Franz Theodor Wolf (February 13, 1841 – June 22, 1924) was a German naturalist who studied the Galápagos Islands during the late nineteenth century. Wolf Island (Wenman Island) is named after him. The peak Volcán Wolf on Isabela Island is also named after him. He was born at Bartholomä (in the Ostalbkreis).

He published his Ein Besuch der Galápagos-Inseln, Sammlung von Vortraegen fuer das deutsche Volk (“A Visit to the Galápagos Islands: A Collection of Presentations for the German People”) in 1892. His observations also include notes on the human population on the islands.

He is one of the protagonists of the Golden age of Ecuadorian botany which started in 1870 when Ecuadorian Ecuadorian President and aristocrat Gabriel García Moreno brought members of a German Jesuits Order to manage the National Polytechnic School and the Quito Astronomical Observatory. That consisted of Theodor Wolf, astronomer Juan Bautista Menten, José Kolberg, José Epping, Luis Dressel and botanist Luis Sodiro.

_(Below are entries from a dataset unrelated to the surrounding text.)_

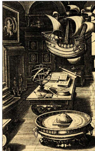
Χαλκογραφία του Theodor Galle, 17ος αιώνας: Ο λόγιος συγκρίνει τις εμπειρικές πληροφορίες της ναυσιπλοΐας με εκκίνηση που περιέχονται σε αρχαία κείμενα.

Η "κλασική" Γεωγραφία, δηλαδή η Γεωγραφία του Μεσοπολέμου, η οποία αντιστάθηκε στη γερμανική γεωπολιτική σχολή, ονομάστηκε και "περιφερειακή" Γεωγραφία. Η προσπάθειά της ήταν να αναλύσει τα διάφορα φαινόμενα σε ένα περιορισμένο πλαίσιο: την περιφέρεια. Με τον τρόπο αυτό ήλπιζε να περιορίσει το εύρος των μελετών της για να προχωρήσει σε βάθος. Ο χωρισμός του γεωγραφικού χώρου σε περιφέρειες (περιφερειοποίηση), που αποτελεί προϋπόθεση για τις περιφερειακές μελέτες, έχει
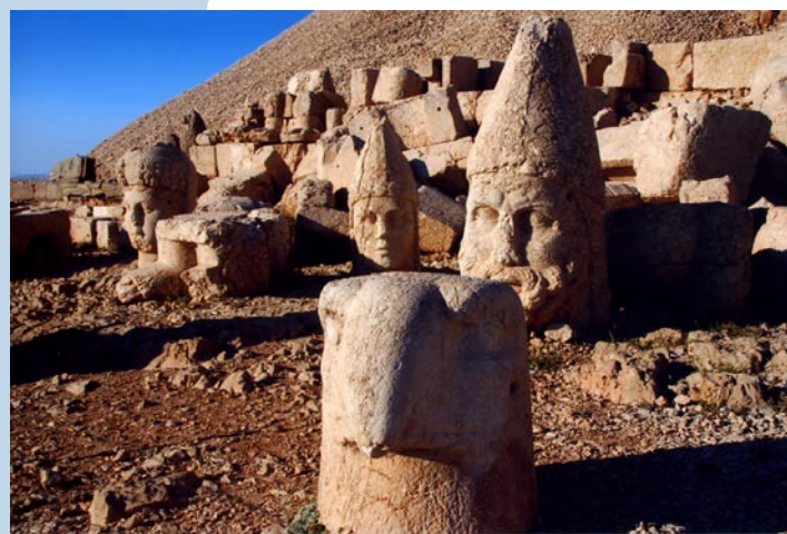
(Il Nemrut Dagı)

Un cammino attraverso le radici millenarie della storia, ove il cuore palpita come nella poesia di Tumanian Perché voli cuore folle demone seguendo mille cose? Potessi anch'io giungere in mille luoghi come te cuore con slancio leggero.
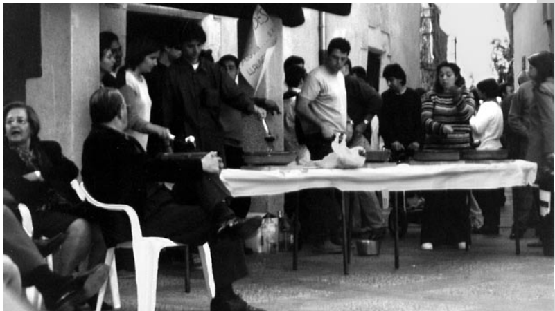
Membres del JAV fent el cremat que es va repartir entre els assistents a les havaneres.
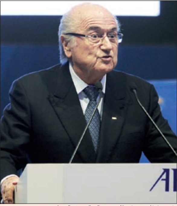
رئيس «فيفا» جوزيف بلاتر يدعو إلى الوحدة والتضامن
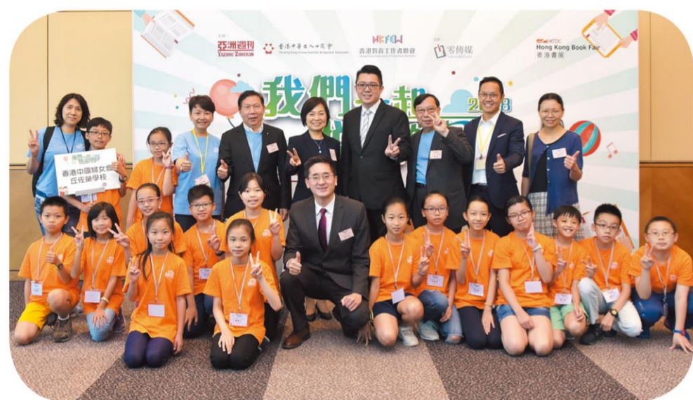
教育局副局長蔡若蓮（後排右五）、商務及經濟發展局副局長陳百里（前排中）與學生合照留念。

「我們一起悅讀的日子」活動已經邁入第六屆，香港中華出入口商會永遠名譽會長姚志勝太平紳士、郭英副團長、吳漢傑副團長擔任今年活動的榮譽主席，出錢出力，承擔了活動的全部費用。
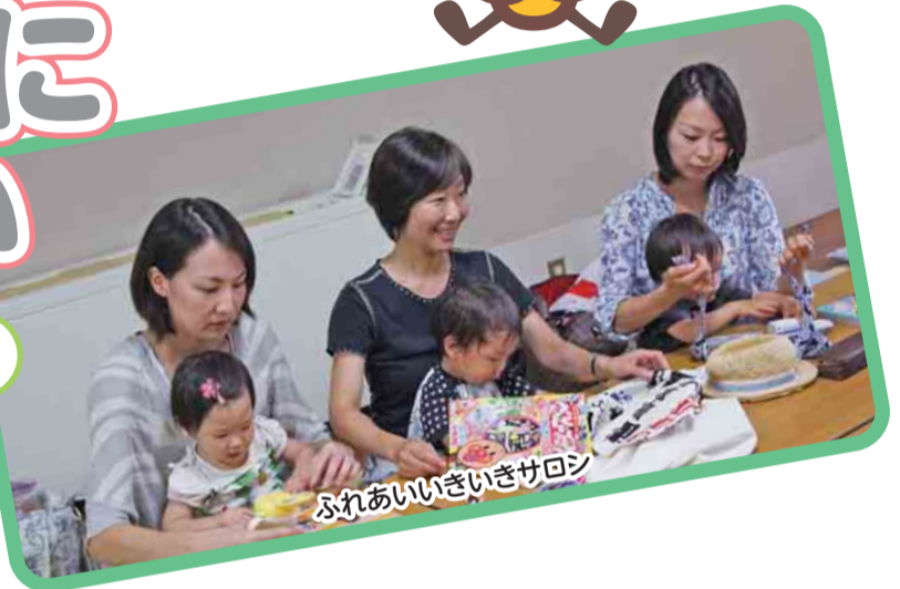
ふれあいいききサロン
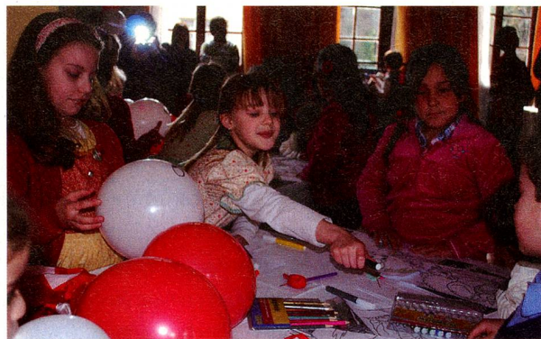
Los niños: el futuro del Club Suizo

suizos establecidos en la región desde hace ya largo tiempo y a los nuevos inmigrantes a ingresar al Club Suizo de Osorno donde no solo encontrará cordiales reuniones, sino también ayuda y apoyo durante los primeros pasos en el hermoso sur chileno.
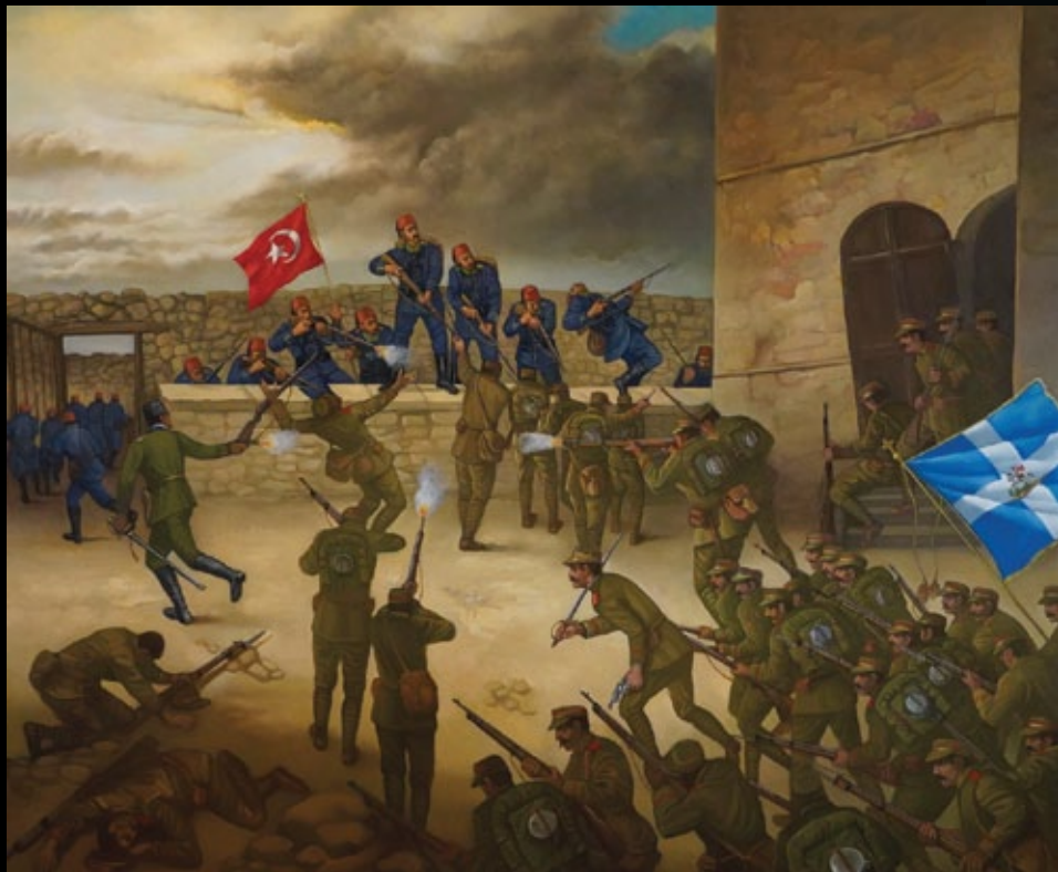
Η απελευθέρωση της πόλης των Γρεβενών , 1912

Η 13η Οκτώβρη αποτελεί για τα Γρεβενά ορόσημο θυμίζοντας σε όλες και όλους εμάς το τέλος της δυσβάσταχτης οθωμανικής κατοχής και την έναρξη της ανεξάρτητης ιστορικής πορείας του νομού. Η νικηφόρα προέλαση του ελληνικού στρατού στα βόρεια τμήματα της ελληνικής επικράτειας και κυρίως η νίκη στο Σαραντάπορο υπήρξαν καθοριστικές για την φθίνουσα παρουσία των τουρκικών δυνάμεων στην περιοχή και την τελική άτακτη φυγή τους. Μετά από αιώνες σκλαβιάς και υποτέλειας η πόλη παραδόθηκε στα χέρια των Ελλήνων κατοίκων της ανοίγοντας το δρόμο για την ένωση με την ελεύθερη Πατρίδα.
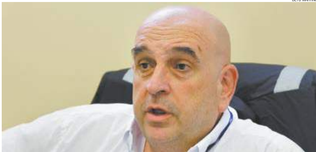
Investimento - Novo gestor disse que dividirá esgoto em lotes para realizar obras e ampliar serviço prestado

He had performed a geologic survey of mainland Ecuador, but unfortunately his collections were lost in storage when his house caught fire in 1891.

Wolf’s observations, which became the standard interpretation of island geology, depicted the islands as exposed tops of oceanic volcanoes with a distinctly different composition from the volcanic mountains of South America.

As a botanist he described or co-described numerous species within the genus Potentilla.

He died in Dresden.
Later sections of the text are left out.